A compreensão dos processos naturais de mudança e de renovação da gramática da língua é fundamental como atividade didática, pois favorece ao aluno uma visão ampliada das movimentações lingüísticas, uma compreensão não reducionista, limitada aos estudos dos neologismos, por exemplo.
Tal incursão oferece a oportunidade de se conhecer a língua como enunciação, como sugere Castilho (1998, p. 12) em “A língua falada no ensino do português”. Aliás, Castilho, nessa obra tão singular, mais especificamente, no capítulo 3, item 4, traz uma proposta inaugural a respeito da importância de se examinar no âmbito da educação básica as transformações da hierarquia lexical, ao admitir que as palavras estão continuamente sujeitas a processos de gramaticalização (p. 128).
A partir do pressuposto de que as funções e as categorias das expressões lingüísticas são contextualmente estabelecidas, proponho uma sequência didática voltada para o nível médio de ensino, enfocando princípios inerentes à gramaticalização e fenômenos de gramaticalização visíveis em determinados gêneros discursivos.

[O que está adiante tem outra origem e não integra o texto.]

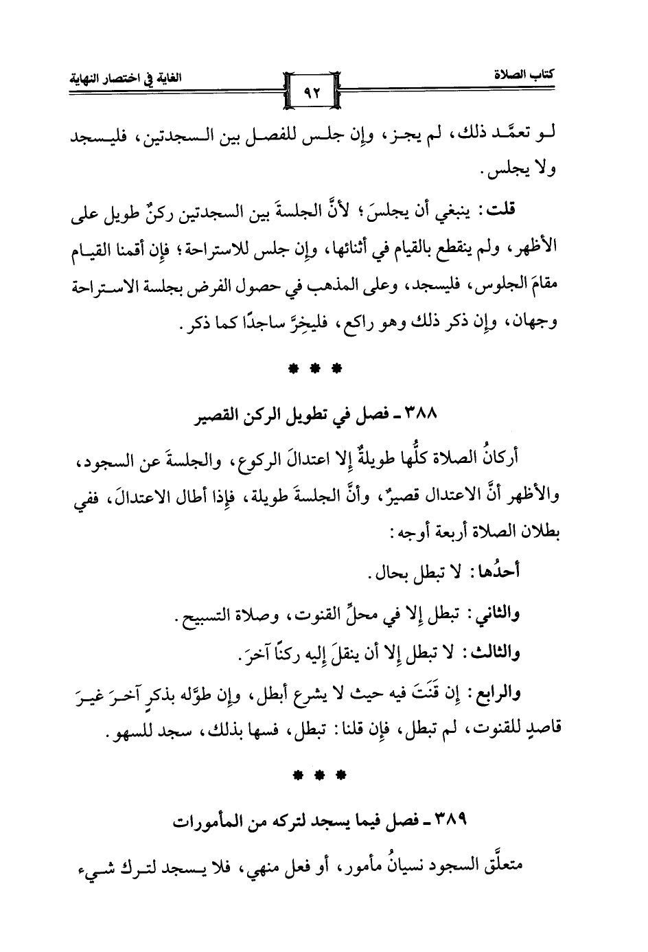 389 - فصل فيما يسجد لتركه من المأمورات
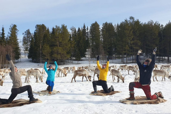 Joogaa porojen keskellä aidolla porotilalla. Nauti hyvinvoinnista luonnossa oppien poromaisia asanoita. Tutustu joogaaviin poroihin ja tilan käsityöpajaan ja myymälään.
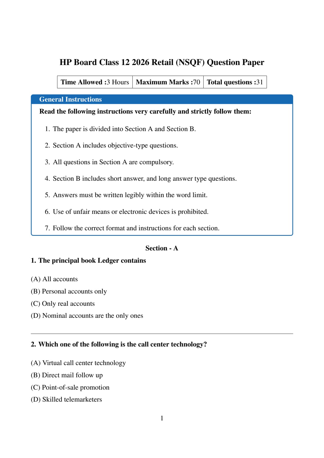 | HP Board Class 12 Retail (NSQF) Question Paper 2026 | Download PDF | Check Solution |
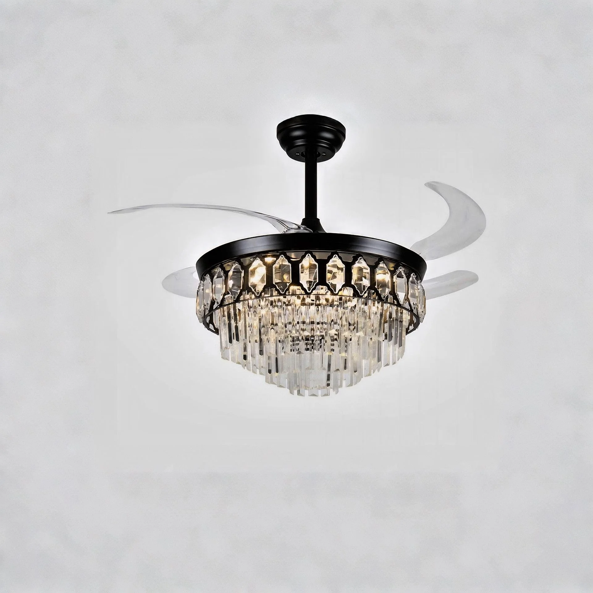 The innovative retractable blade design ensures a seamless transition between function and style. When in use, the transparent blades extend to deliver smooth, efficient airflow; when turned off, they retract effortlessly, leaving behind the refined silhouette of a luxurious chandelier.
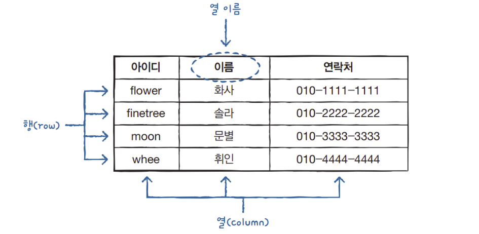- 데이터베이스는 “테이블”이라는 최소 단위로 구성되어 있습니다.
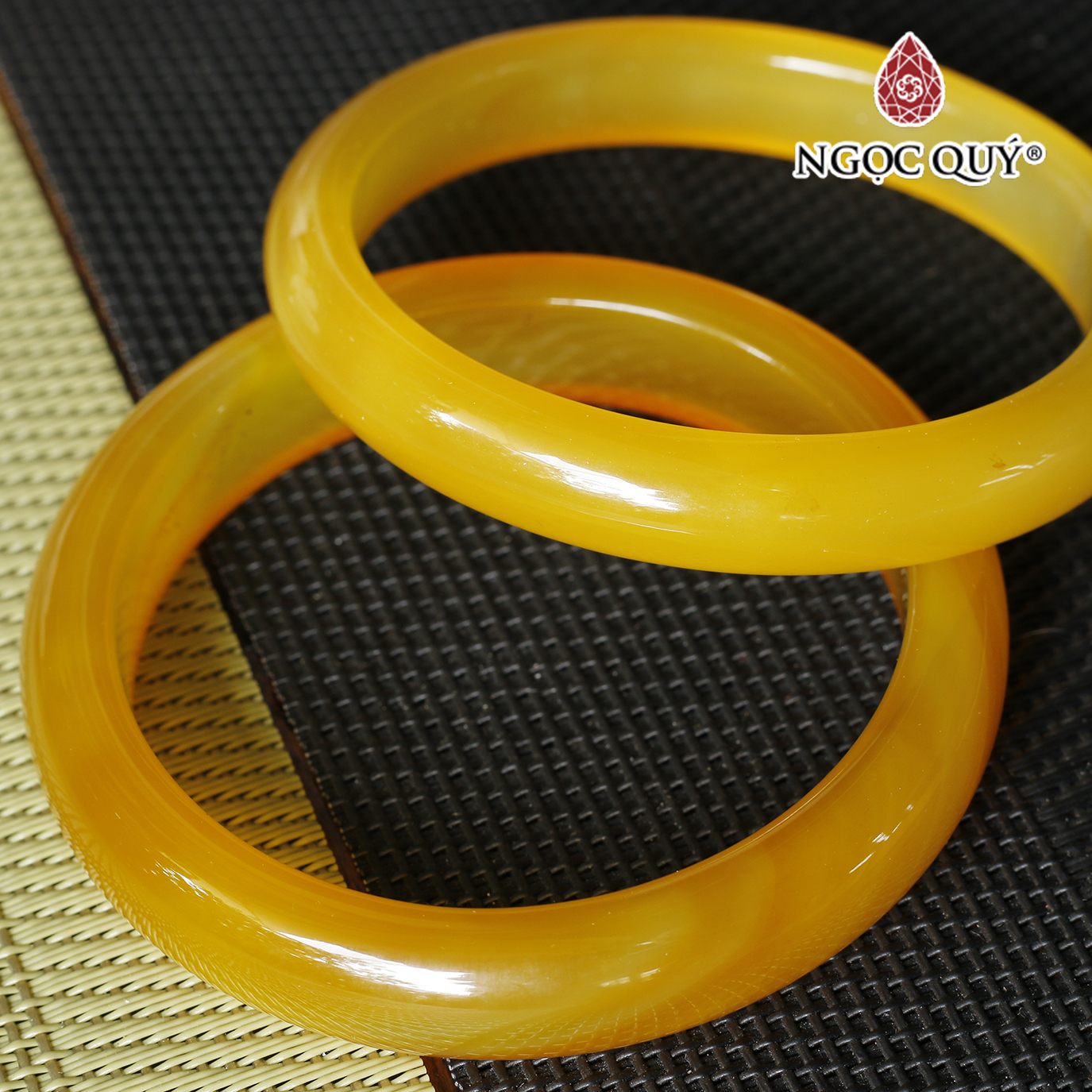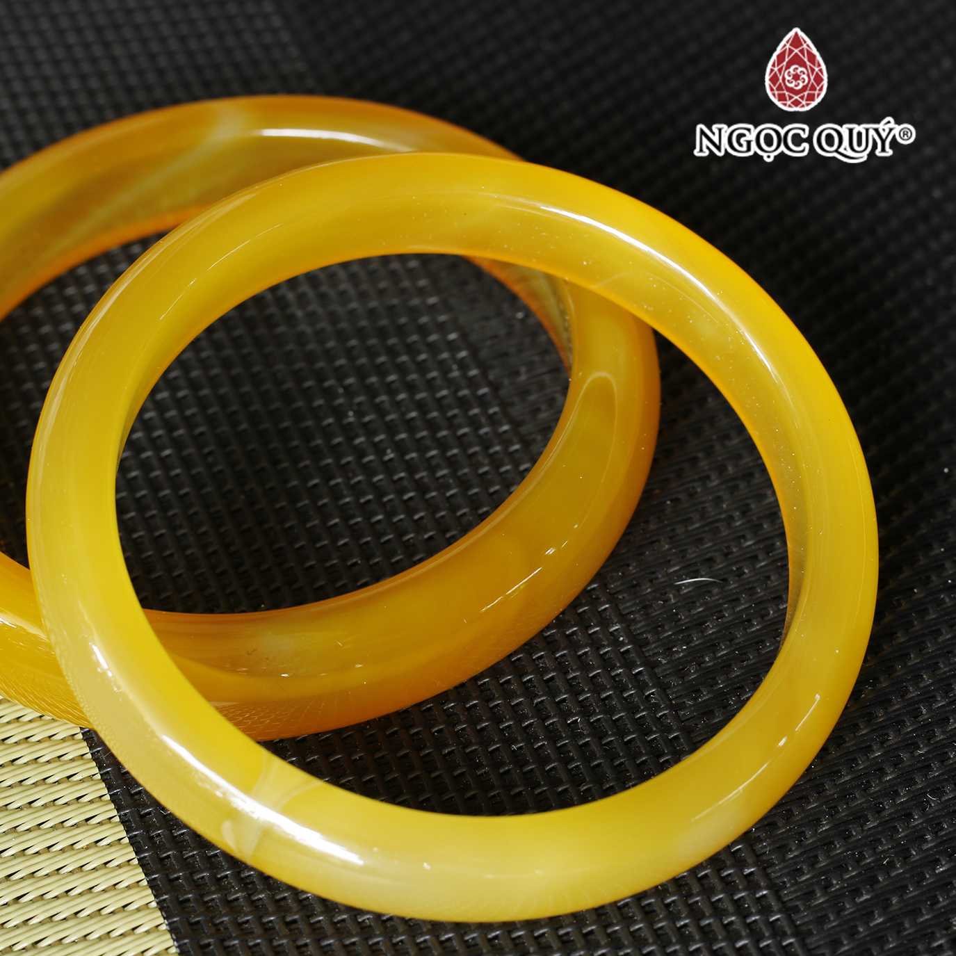 ✨Vòng mã não chalcedony vàng cam bản hẹ (bản 11-12mm) - Ngọc Quý Gemstones
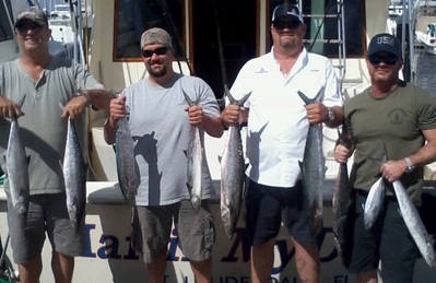 Lots of bait in our area now with numerous schools of small Bonito which we will now begin to use more often as a live bait. If the good numbers of Kings remain in the area and continue to bite we will troll them but if that bite slows we will be sending more and more live Bonito out into the spread. Good numbers of Ballyhoo inshore from 60 feet of water on into the 1st reef which is very shallow. Still an occasional school of Mullet offshore but most have moved into the waterways or passed to the South. When the wind comes around we'll see if the Mahi move any closer to shore.
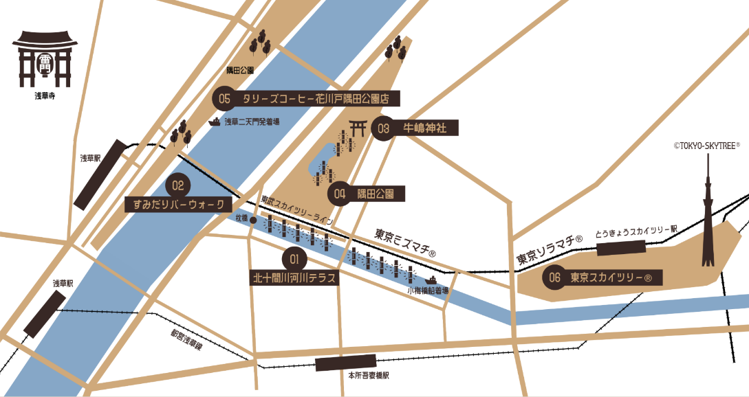 位于隅田川畔的 TULLY’S COFFEE 花川户隅田公园店,是一处可以以东京晴空塔为背景进行拍摄的人气打卡点。
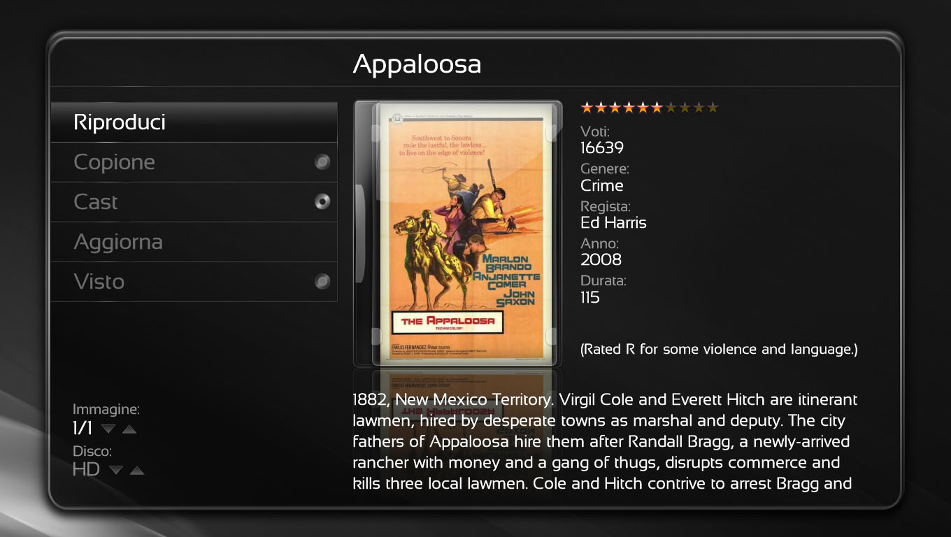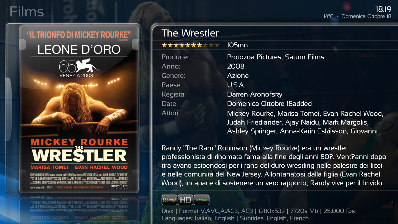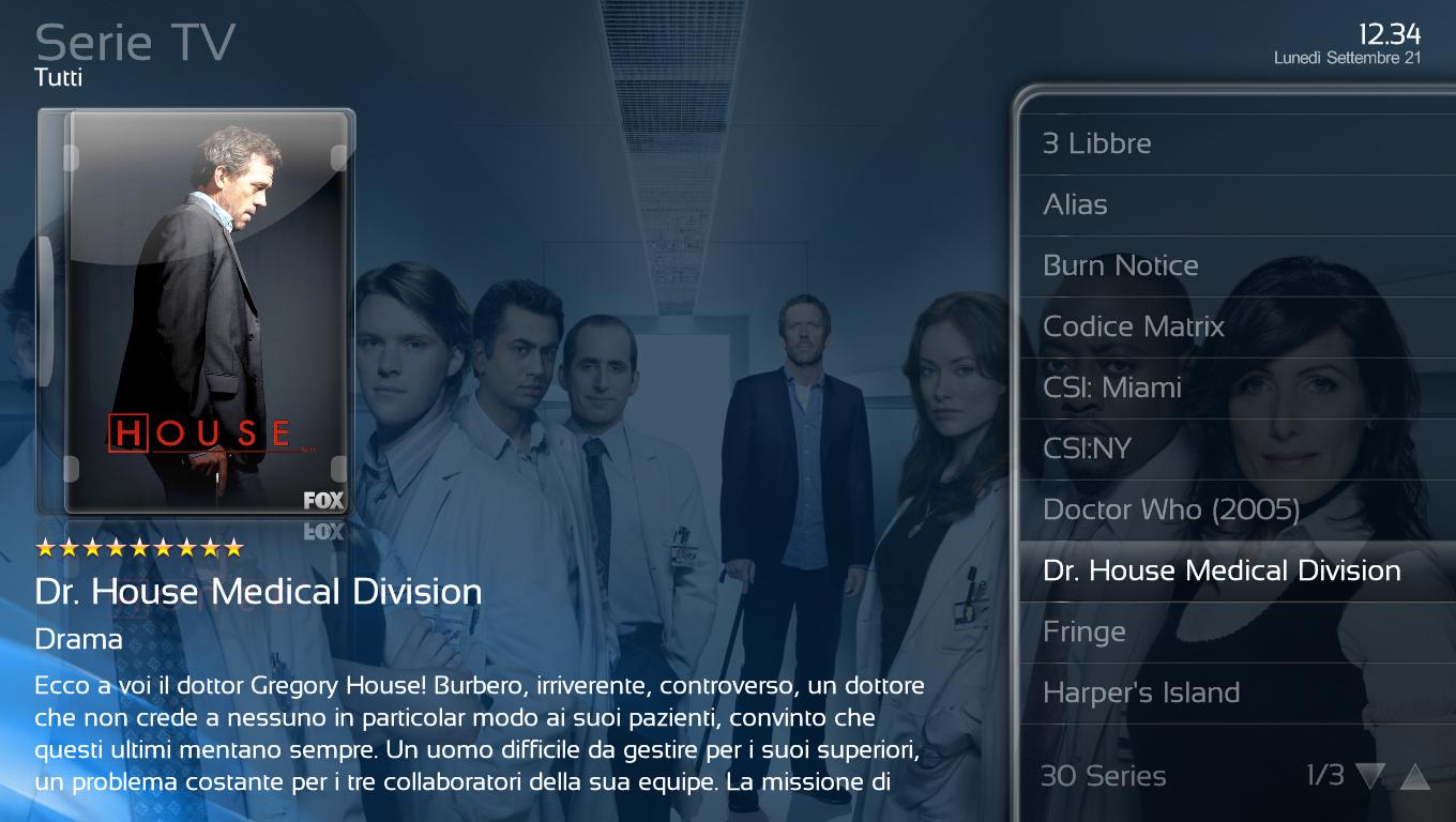 • 1.1.1 - 01/09/2009 - MyHome Mod: new home screen with new hover backgrounds. TvSeries Mod: simplified and full info support. Fixed bugs in: MyLyrics (thanks to Jammyz), Tv Logos Osd (thanks to ChriZ), CommonInterface Menu (thanks to morpheus_xx), VideoInfo screen (thanks to -Manfred-) and recordedTV screen. Reworked graphics to reduce footprint.

A análise dos estágios polissêmicos das formas em gramaticalização e dos efeitos de sentido que elas ajudam a produzir nos textos favorece o desenvolvimento de habilidades discursivas que põem em relevo a efervescência da língua portuguesa e de sua gramática.

 

Gramaticalização, gramática e lexicografia
Maria Helena de Moura Neves, Universidade Presbiteriana Mackenzie; UNESP-Araraquara.

A pesquisa mais geral se aplica à definição e ao registro das categorizações dos itens da língua encontráveis nos diversos tipos de obras disponíveis no Brasil (gramáticas, dicionários, texto da Nomenclatura Gramatical Brasileira, trabalhos acadêmicos, etc.), mas o foco desta apresentação está nas obras lexicográficas, já que a abertura das entradas com marcação categorial é uma tarefa canônica desse tipo de obra, o que implica uma discussão de critérios de resolução.
A proposta se desenvolve, pois, pelo entendimento de que o dicionário é, ao lado do manual de gramática, um espaço essencial de revelação do assentamento potencial das categorizações gramaticais. Fica estabelecido, sobre uma base teórica funcionalista comum a diversas correntes, que a discussão dos critérios deve ser feita por via do real funcionamento dos itens na língua (ou seja, da língua em uso), razão pela qual toda a análise recorre a consulta a um banco de dados (Córpus de Araraquara, com mais de 200 milhões de ocorrências).
A hipótese central assenta-se na incontestável fluidez categorial das línguas naturais, que se reflete em uma irresolução de critérios notável, passível de observação em dicionários de épocas e de tipos diversos, como os que foram submetidos a análise.
Estabeleci um recorte de campos gramaticais para exame (por exemplo, o campo de funcionamento adverbial), e em todos os campos ficaram evidentes a propriedade e o processo que adiante indico: a) a gradualidade existente no estabelecimento de categorizações, resultante do caráter fluido das fronteiras entre as categorias (a diluição de fronteiras); b) a forte tendência de encaminhamento dos itens para funções (mais) esquemáticas, mais gramaticais (a gramaticalização).
E é este processo, a gramaticalização, que dirige o exame da tomada de decisões dos dicionários que tenho efetuado (na busca da sua face lexicogramatical), do qual aqui apresento uma amostra.